Context-self contrastive pretraining for crop type semantic segmentation
Michail Tarasiou, Riza Alp Guler, Stefanos Zafeiriou
TL;DR
The paper tackles boundary misclassification in pixel-level crop-type segmentation from Satellite Image Time Series by introducing Context-Self Contrastive Loss (CSCL), a fully supervised contrastive pre-training scheme that enforces semantic-consistent embeddings between each location and its local neighborhood. CSCL computes a local affinity within a dilated window, augmented with relative positional encodings, and optimizes a cosine-based contrastive loss over reformatted dense ground-truth labels; this pre-training proceeds without extra data and improves boundary delineation in dense segmentation. Empirically, CSCL achieves state-of-the-art results on France and Germany crop-type datasets, and the authors release the largest publicly available SITS crop-segmentation dataset with a ×4 super-resolution ground truth, enabling higher-resolution crop mapping.

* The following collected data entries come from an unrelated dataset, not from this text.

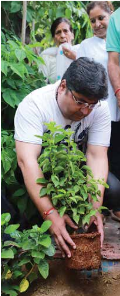
Tree Plantation drive on 28th September at Kirti Nagar

Noida Sector 137 have taken a step forward to fight this problem by giving up worry and acting upon it. ASSOCHAM and ITC's initiative 'Illness to Wellness' saw a large number of local residents and green partners 'Volunteers 137' joining the tree plantation drive. The event started at 8 am on Sunday in Central Park where the residents of Sector 137 took part and planted Neem, Ashoka, Amaltas, Madhumati, and Giloe trees. People of all ages attended the event, but special enthusiasm was seen among the children for planting trees. Some young children were seen helping one another to plant trees and water them. Many people present at the event took a green selfie and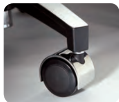
Classic Series Soft Rubber Casters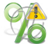
Sign Percentage - Green Warning.png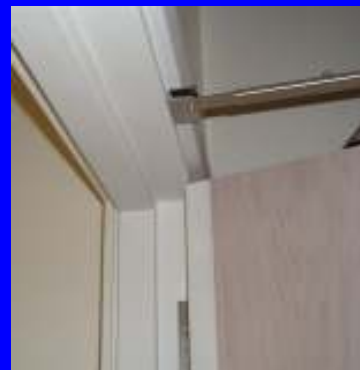
Encapsulated door frames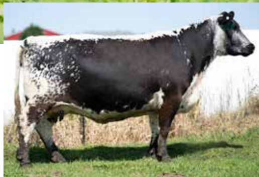
RIVER HILL GUM-DROP 211G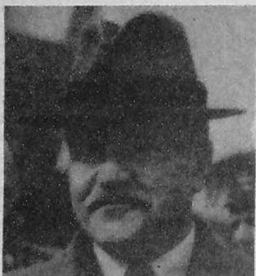
Molotov: Stalin's faithful lieutenant

Even before the death of Lenin, Molotov lined himself up with the centrist tendency headed by JV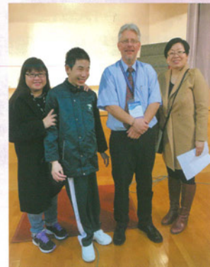
參加校際音樂節(鋼琴獨奏) Participating in Hong Kong Schools Music Festival (Piano Solo)

The findings show strong boundary gains, robust ablations, and practical benefits for high-granularity crop monitoring and policy-support applications, with broad potential for integrating CSCL into diverse dense-prediction tasks.
Abstract
In this paper, we propose a fully supervised pre-training scheme based on contrastive learning particularly tailored to dense classification tasks. The proposed Context-Self Contrastive Loss (CSCL) learns an embedding space that makes semantic boundaries pop-up by use of a similarity metric between every location in a training sample and its local context. For crop type semantic segmentation from Satellite Image Time Series (SITS) we find performance at parcel boundaries to be a critical bottleneck and explain how CSCL tackles the underlying cause of that problem, improving the state-of-the-art performance in this task. Additionally, using images from the Sentinel-2 (S2) satellite missions we compile the largest, to our knowledge, SITS dataset densely annotated by crop type and parcel identities, which we make publicly available together with the data generation pipeline. Using that data we find CSCL, even with minimal pre-training, to improve all respective baselines and present a process for semantic segmentation at super-resolution for obtaining crop classes at a more granular level. The code and instructions to download the data can be found in https://github.com/michaeltrs/DeepSatModels.